Валери спокойно отреагировала на эту реплику.

– В то время, дорогой, я была замужем за очень ревнивым армянином, который, не задумываясь, отрезал бы голову и мне, и Рамазанову, случись что между нами. Я была целомудренной комсомолкой и исправно платила взносы. Это гораздо позже я догадалась, какую на самом деле цель поставил перед собой этот неглупый адвокат. Да, признаюсь, он перевернул всю мою жизнь. И поначалу вовсе не богатства привлекали меня, а тайна, которой они были окутаны, риск и романтика.

– И чем же вы с ним занимались, если не спали вместе?

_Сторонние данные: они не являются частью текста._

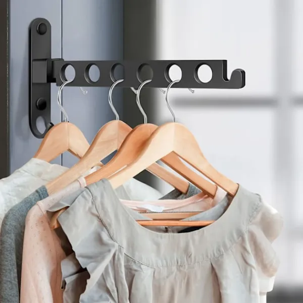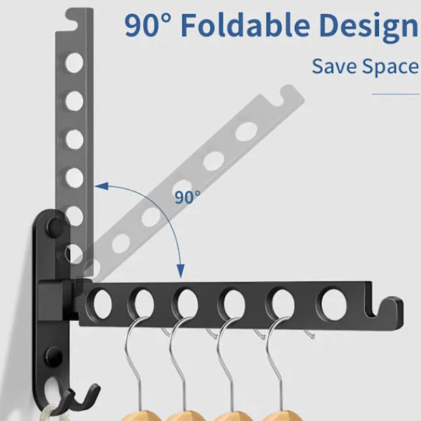 【Hopfällbar design】Vår hopfällbara väggmonterade klädhängare kan roteras 90 grader, roteras enkelt och utan ansträngning; vikas mot väggen när den inte används för att spara utrymme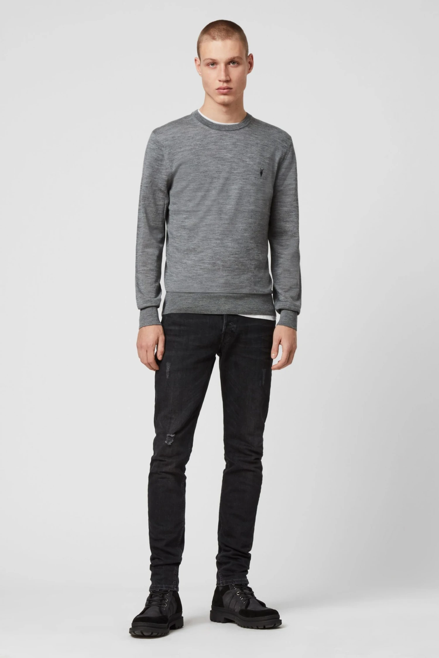 The Mode Crew Jumper is crafted from pure Merino wool for a luxurious supersoft touch and shaped to a classic pullover silhouette. Our signature Ramskull is embroidered at the chest.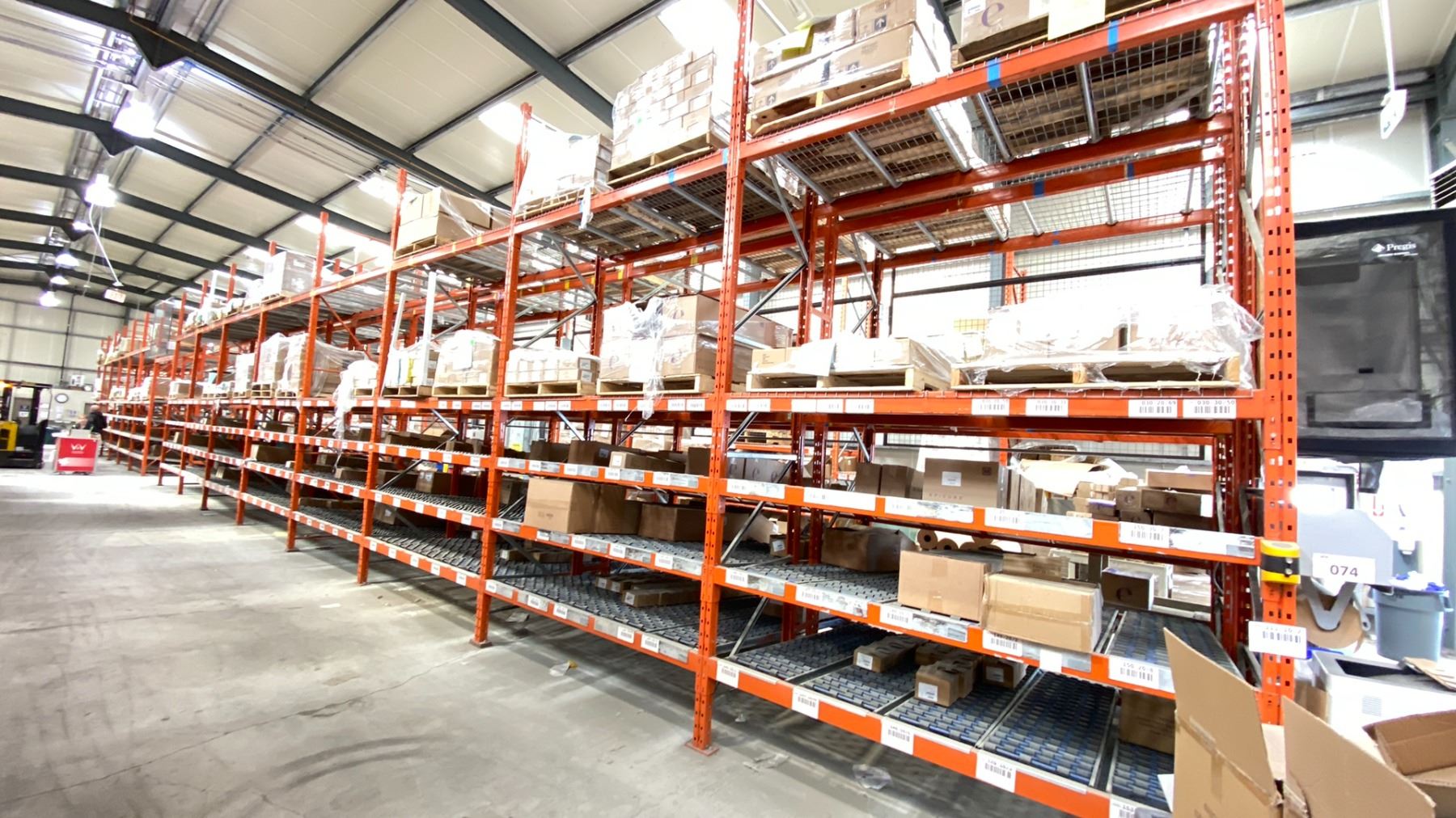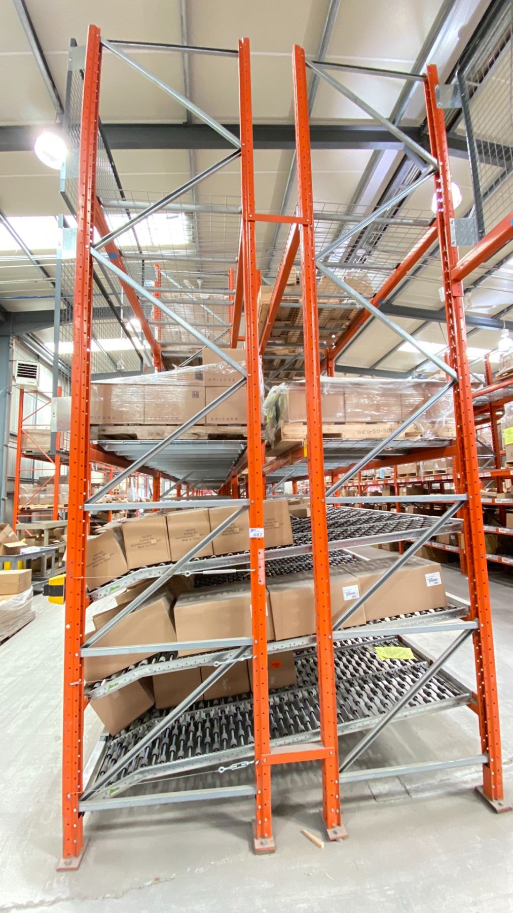 GROUP OF 16' HIGH BACK TO BACK RACKING. OVERALL 66' X 8' WITH BOX ROLLERS. INVENTORY INCLUDES 18 X 16' X 42" FRAMES, 110 X 8' BEAMS, 64 X 4' WIRE DECKING, 120 X 8' BOX ROLLERS, SAFETY CAGES INC. NO CONTENTS INCLUDED *DISMANTLING AND REMOVAL OF ALL RACKING WILL BE SCHEDULED AFTER THE AUCTION WITH THE BUYERS; REMOVAL PROCESS TO START JUNE 15*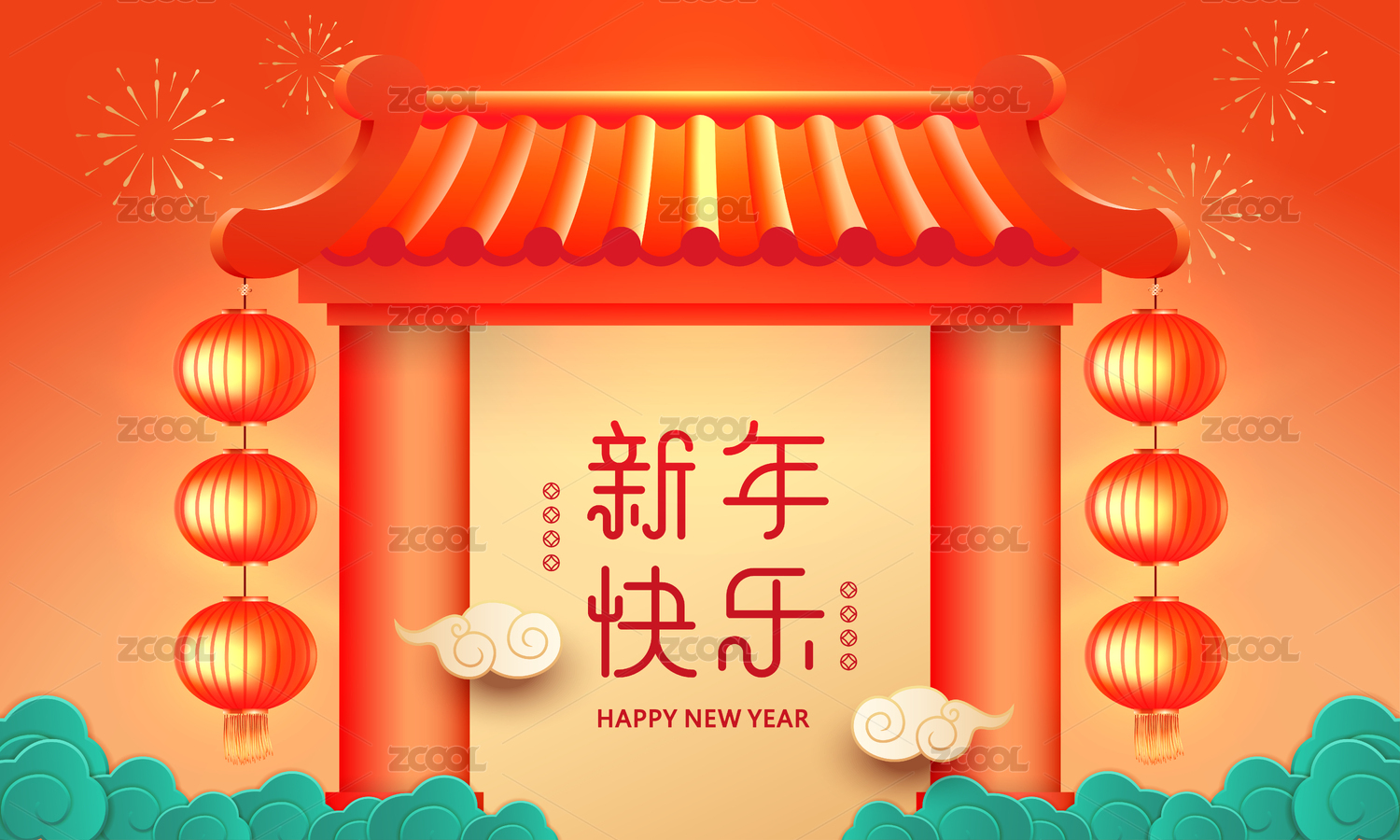 中国传统新年图形设计,悬挂的灯笼和祥云

– Мы делали запросы в военкоматы России, собирали информацию о боевых операциях двести первой дивизии, в частности о той, которая произошла при взятии каравана четырнадцатого августа. Никаких сведений о захвате наркотиков мы не нашли, в том числе и в секретных донесениях в особый отдел дивизии – как мы до них добрались, это отдельная тема. Вот тогда Рамазанов и высказал предположение, что мешки с наркотиками были перепрятаны. Когда у нас появился список солдат, принимавших в захвате каравана участие и оставшихся в живых, а их было человек пятьдесят, мы стали работать с каждым в отдельности.

– С каждым – как со мной?

– На тебя мы вышли чудом. И вообще вся эта кокаиновая история десятилетней давности тихо и мирно заглохла бы, потому что разыскать и принудить к откровенности пятьдесят человек, раскиданных по всему свету, было почти невозможно. Часть из них уехала за границу, многие спились и начисто забыли всю свою прошлую жизнь, третьи попали за решетку. Но фортуна нам улыбнулась.

– Вы нашли Бенкеча.

– Да! Рамазанов вел дело об убийстве банкира и вымогательстве, и следствие вывело его на Бенкеча, который был в наших списках. Это была редкостная удача!

Валери волновалась. Она ходила по комнате взад-вперед, и весь ее эмоциональный рассказ очень был похож на правду. Она закурила, прижала руки к груди, словно ей было холодно.

– Зачем же я вам понадобился, если вы нашли Бенкеча?

– Встала новая проблема. Бенкеч сам предложил Рамазанову сделку: он расскажет, где спрятаны семьдесят килограммов кокаина, если адвокат берется пересмотреть его дело или хотя бы скостить срок. Рамазанов дал ему гарантии, что сделает все возможное, чтобы вытащить из зоны. Бенкеч действительно подробно рассказал Рамазанову о том, как с прапорщиком из разведроты перетащил баулы куда-то в завалы камней и спрятал в надежном месте. Но вся беда в том, что он не знает, где находится то ущелье, в котором вы сожгли караван.

– Девичья память?

– Он говорит, что их привезли туда на вертолетах.

– Правильно, они десантировались к нам с «вертушек». Но предложили бы ему показать крестиком на карте.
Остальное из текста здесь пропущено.